Save the CMO: Part I of a 3 Part Series
The practice of B2B marketing has changed profoundly over the past couple of decades. Virtually every job in every industry has evolved in response to the rise of data and technology, but it has arguably hit marketing the hardest. B2B marketing was more art than science from its inception, and it has been transformed with new tools that uncover insights, automate tasks and measure performance.
The changes haven’t been confined to new tools to do the job; the job itself has changed. Back in the day, CMO skills focused on building and managing brands. Marketing segmented audiences and used research (if they had the time and money to conduct it) and intuition to create campaigns targeted to each segment. Modern marketing is highly personalized, enabling targeting at the individual and company level.
The changes to marketing operations in general and the CMO role specifically are so significant that they have prompted some people to wonder if the CMO role is becoming obsolete. The truth is, CMOs are more necessary than ever, but they need all the CMO skills they brought to the profession initially plus a whole new skillset to succeed.
The CMO role today still requires all the skills it did a generation ago, including the ability to tell a compelling story, understand market research and choose great creative. But now success demands additional skills, including the ability to generate and analyze real-time data, gain insight from performance metrics and apply those insights to future campaigns to improve results.

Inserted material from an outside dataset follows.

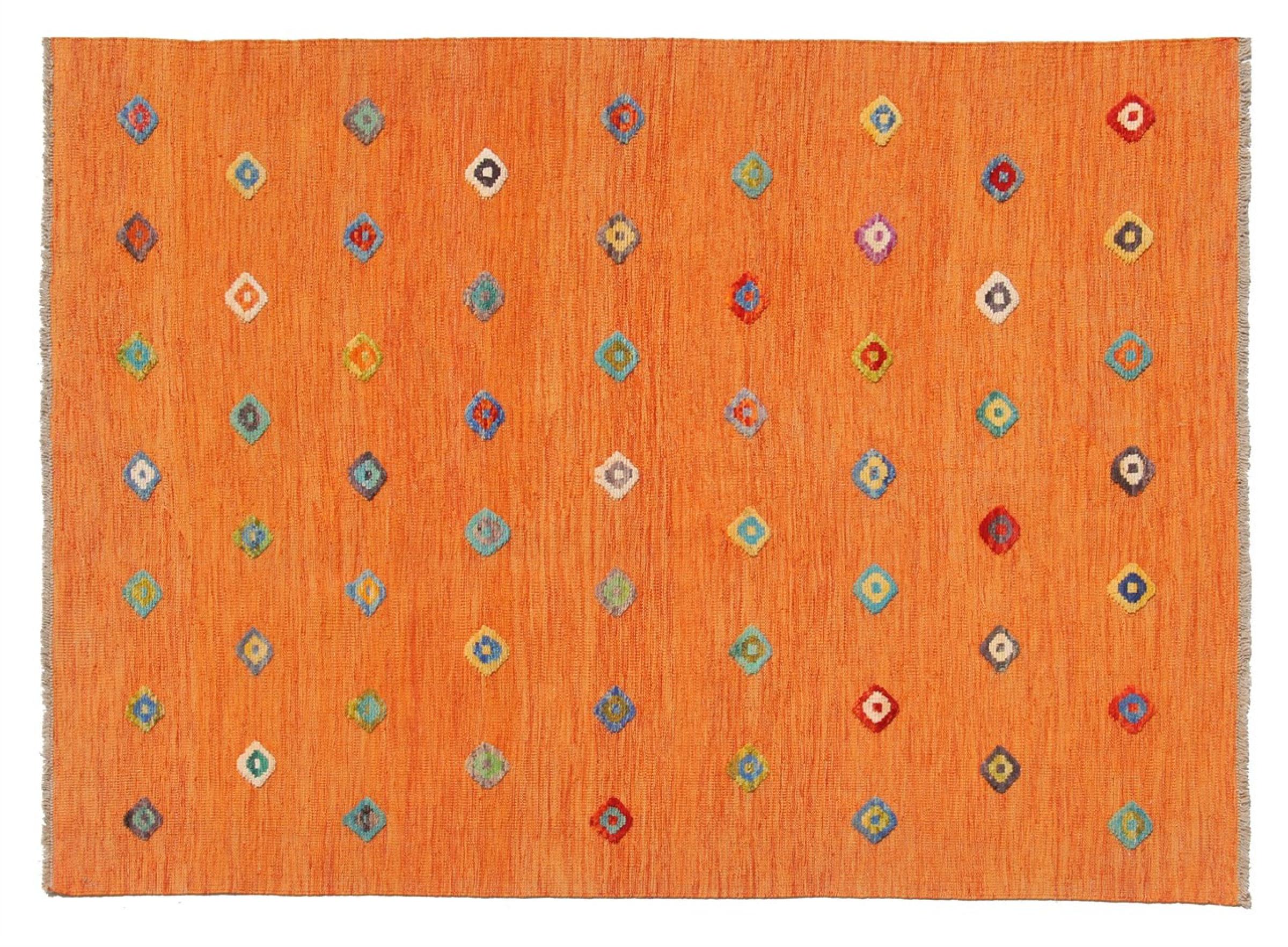 Estas alfombras kilim muestran una diferencia decisiva con las alfombras anudadas a mano - son tejidas a mano. Por lo tanto, no tienen un montón alto de lana y son a menudo más planos y más ásperos que las alfombras de lana anudada. Su fabricación es menos elaborada y por eso suelen ser mucho más baratas. Como ventaja, las alfombras de kilim son también mucho más ligeras y pueden ser colocadas por delante y por detrás. Los kilims tejidos a mano provienen originalmente de la antigua Persia y ahora también se fabrican a menudo en el Afganistán. Tienen patrones bastante simples y directos, que se deben a su técnica de tejido.

Less than a decade ago, there were approximately 150 martech solutions available. Today, there are more than 7,000. The new tools enable data-driven decision-making, but they also heighten C-suite expectations, which are that every operating unit demonstrate its contribution to revenue generation, including marketing. Accounts of activities aren’t enough: CMOs have to show results.
And if the changing role wasn’t sufficiently challenging, the pool of potential customers has also changed, especially on the B2B side. Prospective buyers have access to more information than ever, sales cycles are lengthening, and more people are involved in buying decisions. CMOs used to focus on creating awareness at the top of the sales and marketing funnel, but with buyers conducting their own research, marketing has to create content to help them at every stage of the customer journey.
Bringing the CMO Skills Up to Date
The scope of modern marketing’s responsibilities is incredibly vast, so it’s not possible for one person to master all facets of it and understand how each set of tools function, but it is essential for a modern CMO to have a big-picture understanding of how component parts contribute to the whole. For example, the marketing operations and digital marketing teams might engage in all of these areas and more:
- Content Marketing
- Customer Experience
- Email Marketing
- Mobile Marketing
- Product Marketing
- Marketing Automation
- Marketing Analytics
- Measurement including Funnel Metrics and Marketing Attribution
- Social Media Marketing
CMOs might be an expert at one or several of these areas, but chances are, they aren’t adept at all of them, and this is just a sample of the types of operations happening in modern marketing departments. The good news is, CMOs don’t have to perform all these functions themselves: they need to hire competent people, set the right strategy and let their team execute it.
For CMOs who have been in the marketing business for a couple of decades or more, choosing a digital-driven area of specialty and doing an in-depth study on how it works and what tools enable it is a great idea. It provides a perspective the CMO may otherwise lack, but the key to success is building a great team and understanding how all the moving parts work together to create value.
And that’s really the bottom line for the CMO role and why it will remain vital in the years ahead: successful marketing requires a team with diverse skills, and someone needs to understand the big picture and that someone is the CMO. Those in the CMO role who embrace the complexity and create and manage a top-notch team to handle it will remain relevant for the next decade and beyond.